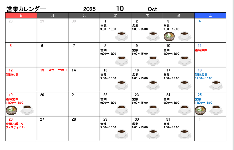 10月の営業予定一覧 ※臨時休業、臨時営業あり
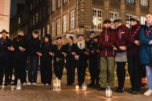 Gdańsk. Na Długim Targu odbyło się uroczyste przekazanie Betlejemskiego Światła Pokoju mieszkańcom Gdańska oraz delegacjom hufców Chorągwi Gdańskiej ZHP.
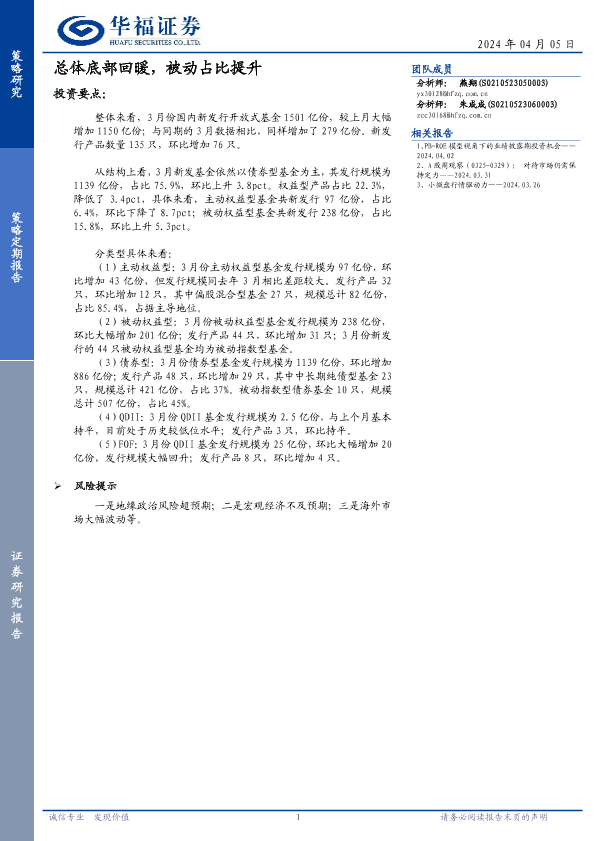 【华福证券】【20240405】策略定期报告:总体底部回暖,被动占比提升-11页
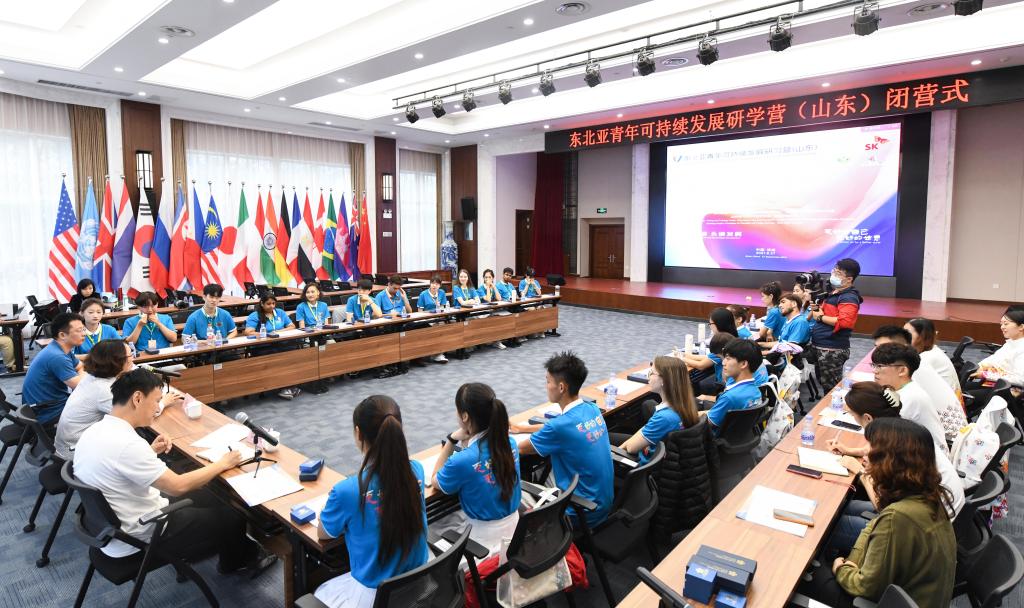 闭营式上,播放了回顾研习营走访圣城与泉城各地的视频短片。为期四天的交流中,营员们在孔庙孔府感受中华文明源头的千年底蕴;在太阳纸业、尼山鹿鸣见证现代科技手段对于绿色低碳、永续发展的贡献;在孔子博物馆、教师博物馆,读懂博物馆里的中国,共同发出绿色发展青年倡议“养君子之风 践大道之行”;在生物标本实验室聆听湿地专家讲授淡水贝类人工繁育对生态环境的贡献,通过虚拟仿真实验、3D全息投影等技术直观了解微山湖物种保护的现状;在汉字记忆空间缝制宋代四目线装书和传拓瓦当的工艺;在省中医院验证中医的疗效……营员们不仅加深了对绿色中国的了解,还学习了书本中学不到的知识,收获了亲如家人的浓浓友情。一个个精彩瞬间,一段段难忘时刻,令人留恋不舍。
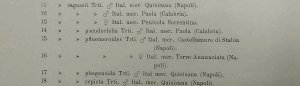 1-14: Turati (1917: 218, 226-227, pl. III figs. 11-18, pl. V figs. 4 + 11a-f, pl. VI fig. 2, pl. VII fig. 8) [Reproduktion aus Band in der Universitätsbibliothek Frankfurt am Main: Jürgen Rodeland]
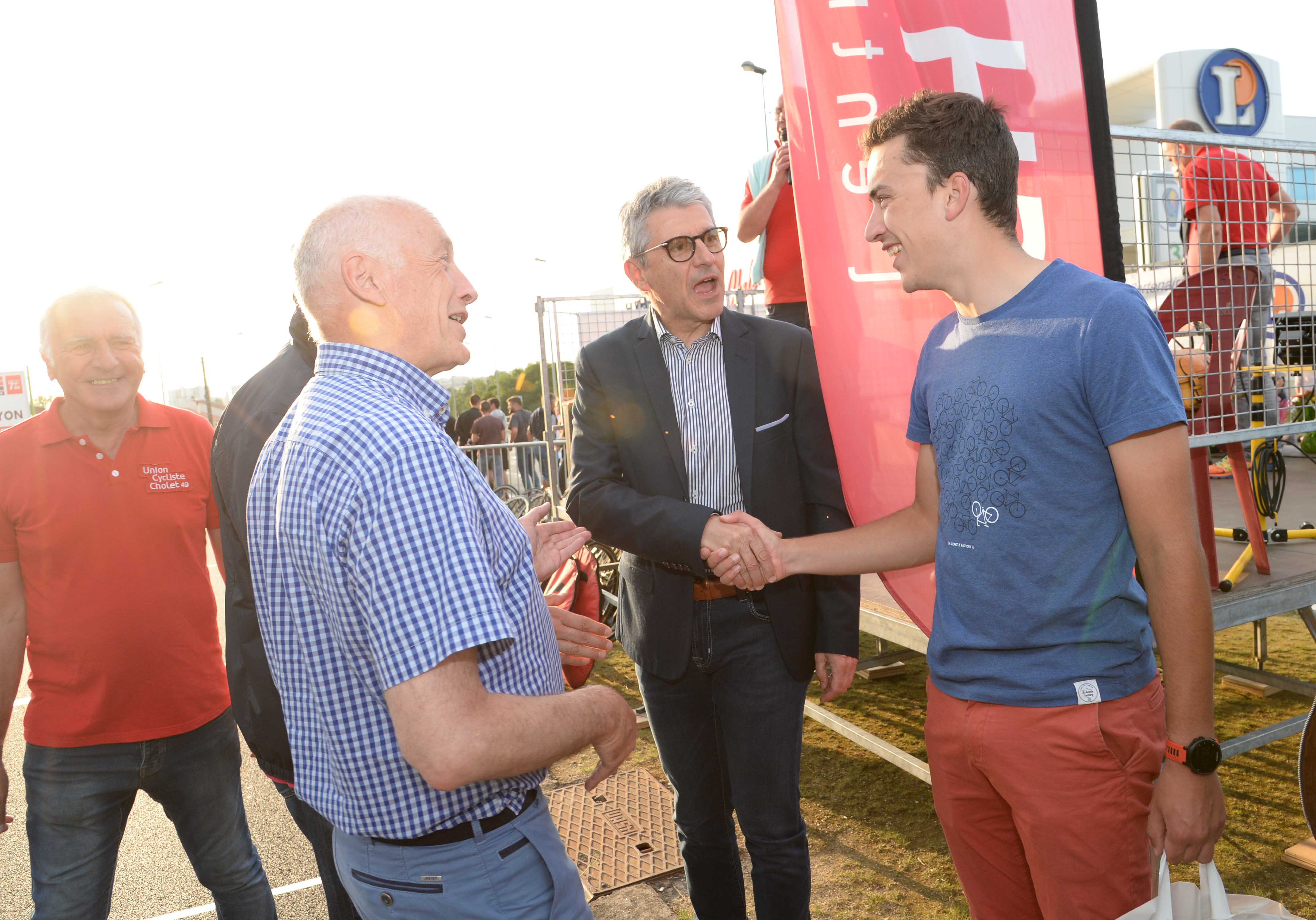 🚴Toujours un grand plaisir de donner le départ des 2 courses Prix Leclerc de Lune à l’invitation de l’UCC49. Avec F. Dabin, Patrice Brault et J. Joutean.
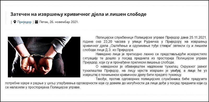 Na gornjoj fotografiji vidite saopštenje policije povodom ovog događaja, a prezentujem ga kao konkretan dokaz zataškavanja. Pogledajte navod: "Navedeno lice je prethodno lažno se predstavljajući iskoristilo situaciju te DOŠLO U POSJED predmeta iz prostorija Policijske uprave Prijedor, koji su pronađeni prilikom lišenja slobode". Prijedorska čaršija prepričava urnebesne detalje ovog događaja, a šta je objektivna istina neka nam kaže ministar kroz dalja vrlo konkretna pitanja,
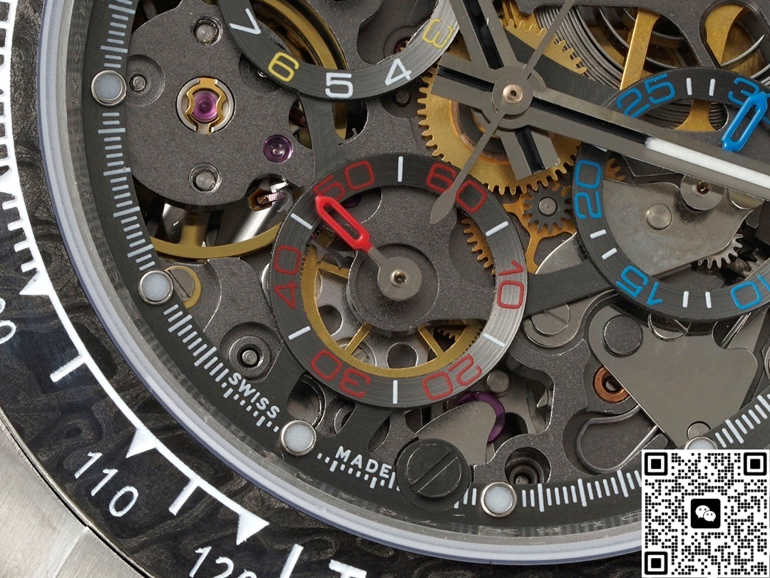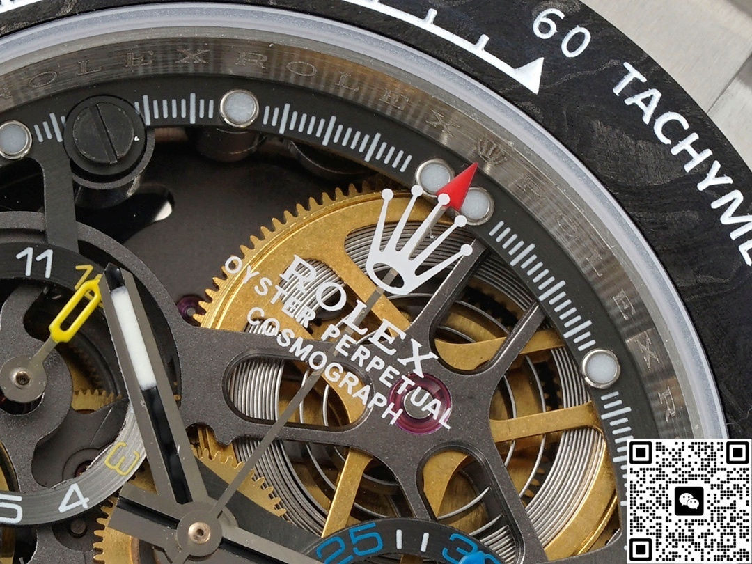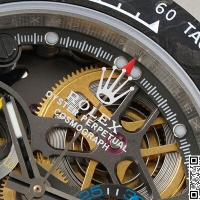 - Noob factory Rolex Daytona Cosmograph 116519LN 904L stainless steel replica watch adopt newly customized edition Rolex Daytona exclusive cal.4130 automatic winding movement which thickness is consistent with genuine. So that the watch can 100% realize all functions of genuine, and unprecedentedly use customized edition KIF shock absorber. And the whole machine is designed according to real Cal.4130 movement, the three-layer basilar plate that from chamfer to solar pattern are completely 1:1 respect original factory design. This watch not only is superior than all duplicates of Rolex Daytona in the market, but also the only replica that can compete with authentic Rolex Daytona.

################

_What to work on_. Starting from the first line of the entries above, print each line exactly until the line containing "Na gornjoj fotografiji" has been printed, and skip the pictures.

_Reply_.
 10月の営業予定一覧 ※臨時休業、臨時営業あり
 Gdańsk. Na Długim Targu odbyło się uroczyste przekazanie Betlejemskiego Światła Pokoju mieszkańcom Gdańska oraz delegacjom hufców Chorągwi Gdańskiej ZHP.
 【华福证券】【20240405】策略定期报告:总体底部回暖,被动占比提升-11页
 闭营式上,播放了回顾研习营走访圣城与泉城各地的视频短片。为期四天的交流中,营员们在孔庙孔府感受中华文明源头的千年底蕴;在太阳纸业、尼山鹿鸣见证现代科技手段对于绿色低碳、永续发展的贡献;在孔子博物馆、教师博物馆,读懂博物馆里的中国,共同发出绿色发展青年倡议“养君子之风 践大道之行”;在生物标本实验室聆听湿地专家讲授淡水贝类人工繁育对生态环境的贡献,通过虚拟仿真实验、3D全息投影等技术直观了解微山湖物种保护的现状;在汉字记忆空间缝制宋代四目线装书和传拓瓦当的工艺;在省中医院验证中医的疗效……营员们不仅加深了对绿色中国的了解,还学习了书本中学不到的知识,收获了亲如家人的浓浓友情。一个个精彩瞬间,一段段难忘时刻,令人留恋不舍。
 1-14: Turati (1917: 218, 226-227, pl. III figs. 11-18, pl. V figs. 4 + 11a-f, pl. VI fig. 2, pl. VII fig. 8) [Reproduktion aus Band in der Universitätsbibliothek Frankfurt am Main: Jürgen Rodeland]
 🚴Toujours un grand plaisir de donner le départ des 2 courses Prix Leclerc de Lune à l’invitation de l’UCC49. Avec F. Dabin, Patrice Brault et J. Joutean.
 Na gornjoj fotografiji vidite saopštenje policije povodom ovog događaja, a prezentujem ga kao konkretan dokaz zataškavanja. Pogledajte navod: "Navedeno lice je prethodno lažno se predstavljajući iskoristilo situaciju te DOŠLO U POSJED predmeta iz prostorija Policijske uprave Prijedor, koji su pronađeni prilikom lišenja slobode". Prijedorska čaršija prepričava urnebesne detalje ovog događaja, a šta je objektivna istina neka nam kaže ministar kroz dalja vrlo konkretna pitanja,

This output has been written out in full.